BY G. Nagamallika| IN Regional Media | 30/09/2007
Why did it pick on a nameless Professor? The rendezvous was duly filmed and telecast, costing the man his career.
G. NAGAMALLIKA is horrified.

How far can media go in order to aggressively market their product in an increasingly competitive market? A recently launched channel in Telugu, NTV, has found extraordinary ways of becoming ‘popular’. Considering the distance it is maintaining from ethical conduct and its courting of the sensational, the  trend which was observed only in the North seems now to have  spread to the South.

 

Within a few days of its launch on August 30, 2007, NTV ‘staged’ a sting operation on a hapless professor from Osmania University, Hyderabad, with a female journalist planted as a PhD student who propositioned the professor. The rendezvous was duly filmed and telecast, costing the man his career. All this for a sensational story that too which was conducted in the most unethical manner! Although one cannot uphold the innocence of the Professor, it seems to have the Shakti Kapoor hangover! For one, the media cannot be totally absolved of its role in this sordid issue. Why did it pick on a nameless Professor who was not harassing his actual students (there has been no such reports so far) and who was neither a star nor a politician?

 

NTV has now created a discord between two super stars from the Telugu film industry, Mohan Babu and Chiranjeevi, by sensationalizing a flimsy issue and blowing it out of proportion, once again to create ‘news’. A small rift between some drivers and dancers from the Telugu industry was caused at a ‘take home’ restaurant as both groups ordered for some parcels and it became an ego issue as to who should get it first.
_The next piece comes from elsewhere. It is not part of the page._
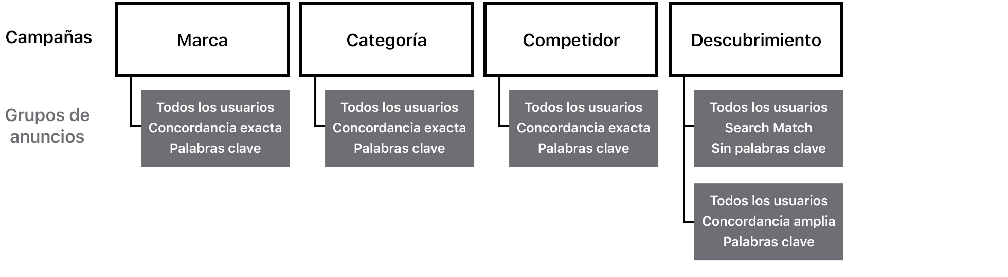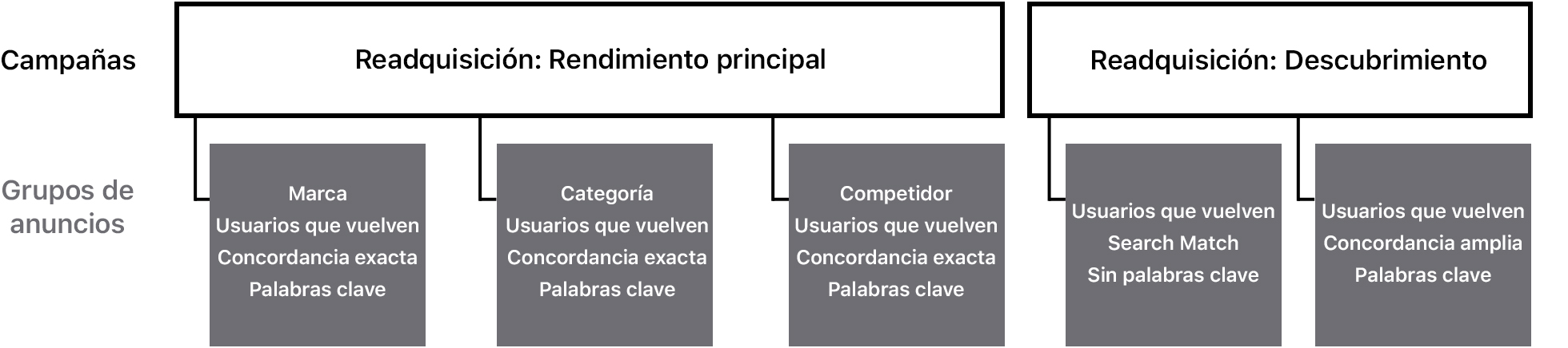 Para gestionar tu presupuesto de readquisición por separado, crea campañas dedicadas con todos los grupos de anuncios configurados para el tipo de cliente «Usuarios que descargan de nuevo la app». Esta estructura puede ayudarte a personalizar las palabras clave, las pujas y los anuncios para los clientes anteriores. A medida que aprendas qué términos funcionan bien en tus grupos de anuncios de descubrimiento, trasládalos a los otros grupos de anuncios como palabras clave.

This restaurant is situated between the plots of the two actors, which led to NTV jumping the gun and construing that a rift occurred between the two actors saying that the two groups were from both the sides as they saw some men from Mohan Babu’s house going along in the same lane to another restaurant close by. This was enough of a ‘proof’ for the so called channel who went ahead and declared that a rift had occurred between the two men. Although by itself it might not lead to any great loss, it reflects on the poverty of thought and ethics that has been so evident in this channel.

 

NTV has been launched by a realtor who hit the jackpot in the real estate boom that Hyderabad is currently witnessing. Similar to this, although political in intent was the recent channel started by the DMK in Tamil Nadu. With the media in the hands of the powerful in society, who cares for anything called social responsibility or ethics?

 

 It has come to a stage where the media is asking to  be monitored and controlled by external agencies through its acts of commission. The time has possibly come for a re-look at the Broadcasting Bill, at least in issues relating to such irresponsible behaviour from the media. The recent one month ban on Live India TV which was shown to be a fake seems to be the first step in this direction. Isn’t it time for the television industry especially, to come together, and chart out a course of action that should clearly reflect its maturity and sense of responsibility?  Hopefully, the ban on Live India will be a deterrent for all such erring channels, which have crossed the thin line between right and wrong, between a venomous and  a non-poisonous sting.